Программа ООН по окружающей среде
06 Dec 2017 История Экологические права и управление

Day Three of the Environment Assembly: highlights

World governments called for “rapid, large-scale and co-ordinated action against pollution” on Wednesday, capping the United Nations Environment Assembly with a strong commitment to protect human health and our common environment from an existential threat.

“We the world’s ministers of the environment, believe that every one of us should be able to live in a clean environment. Any threat to our environment is a threat to our health, our society, our ecosystems, our economy, our security, our well-being and our very survival,” they said in a declaration after the three-day meeting in Nairobi, Kenya.

The Assembly brought together hundreds of policymakers and scientists, business and civil society leaders to identify ways to combat the pollution and contamination that pushes millions of people into an early grave each year, and is degrading Earth’s resources and life-support systems.

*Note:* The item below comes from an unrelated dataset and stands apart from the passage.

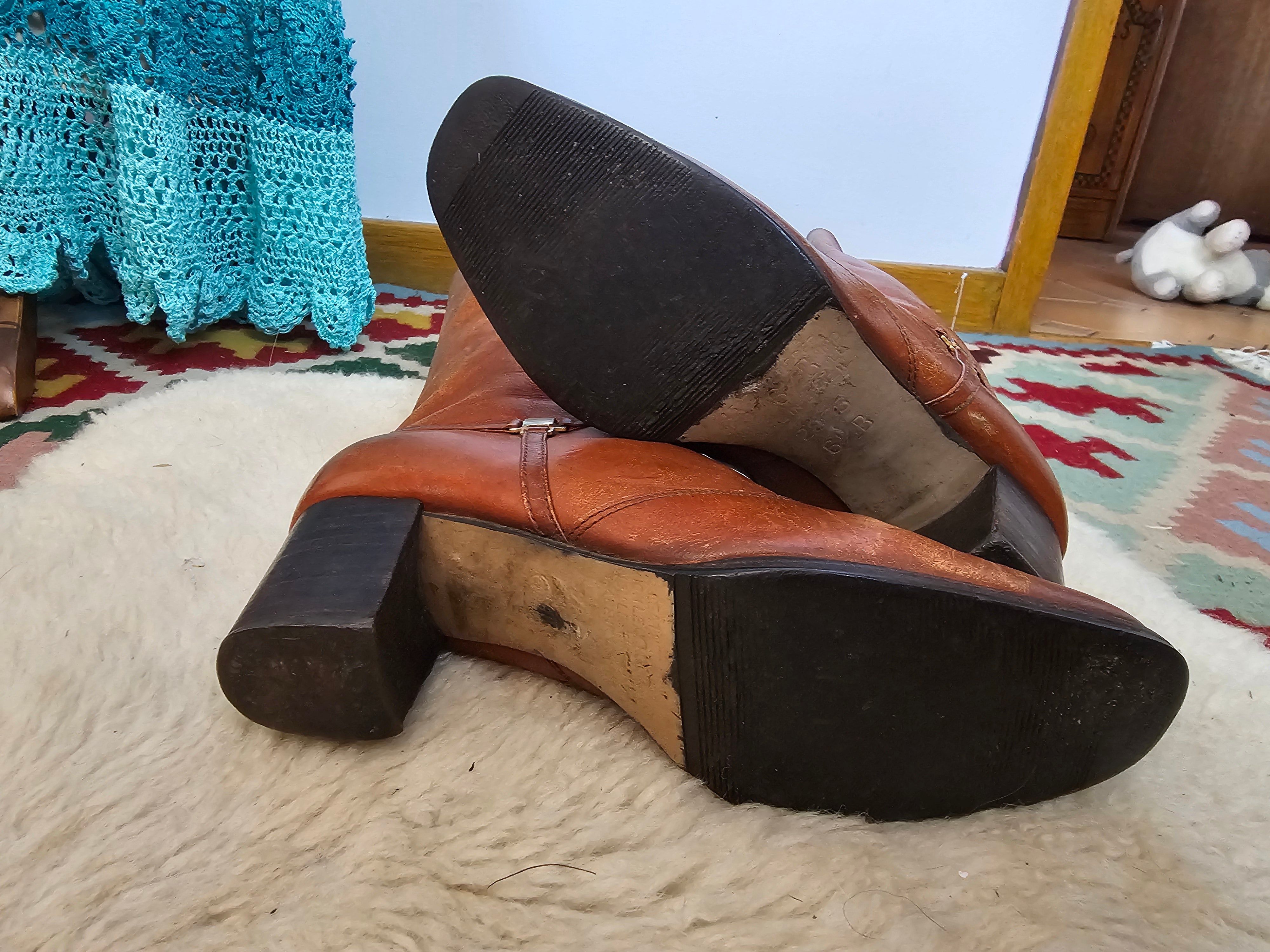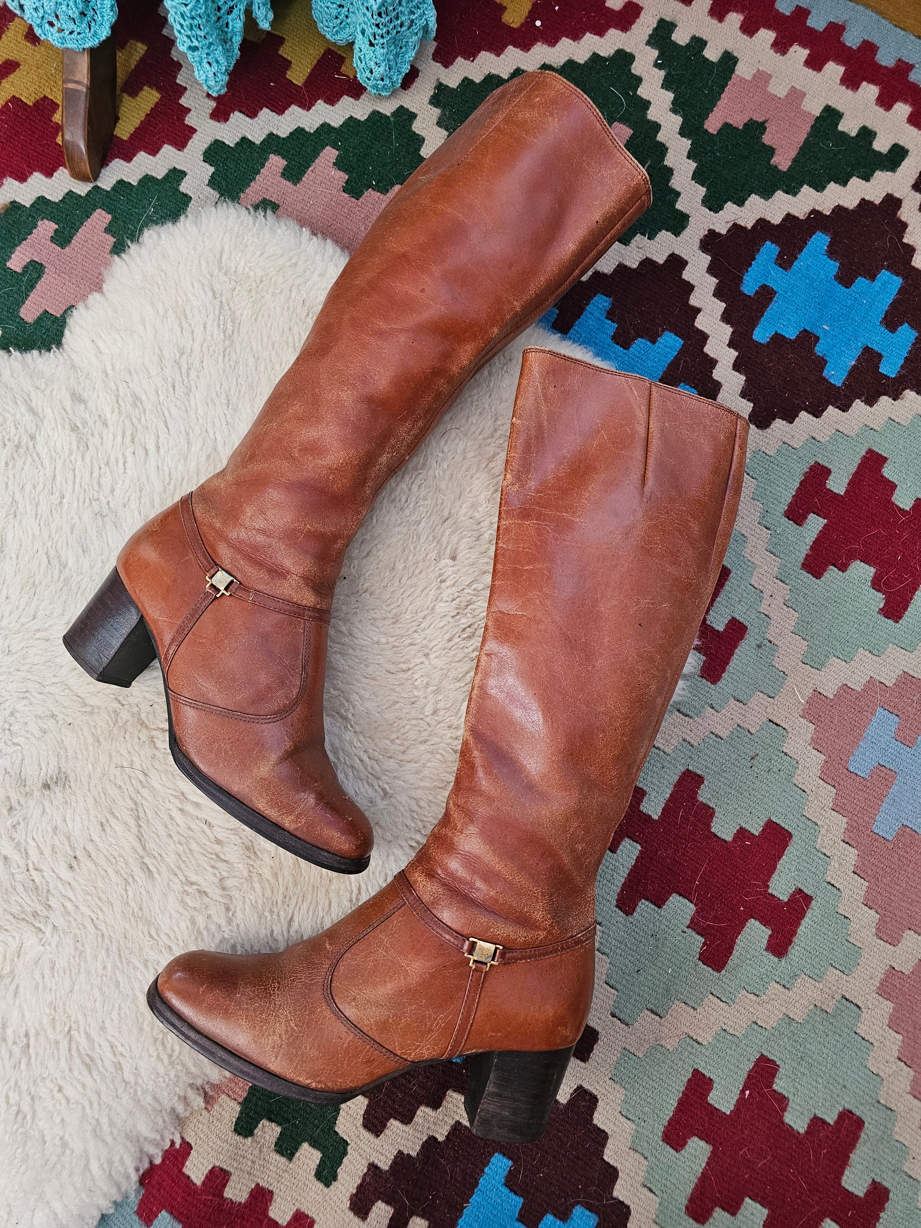True 70s soul in the most incredible lived-in leather. These boots carry that perfectly aged patina only time can create — rich tan tones, natural creasing and a sculpted shape that hugs the leg in all the right places. The stacked heel and high shaft give them that unmistakable vintage silhouette, ready to pair with minis, crochet, denim or flares.

The ministers pledged a raft of measures, including stepped-up monitoring of pollution, efforts to promote more sustainable lifestyles and reduce waste and better management of chemicals. Businesses, civil society and individuals all had a responsibility to act, they said.

Delegates also drew up a raft of resolutions reinforcing the commitment to tackle air, water and soil pollution as well as the contamination of the ocean with plastics and other waste.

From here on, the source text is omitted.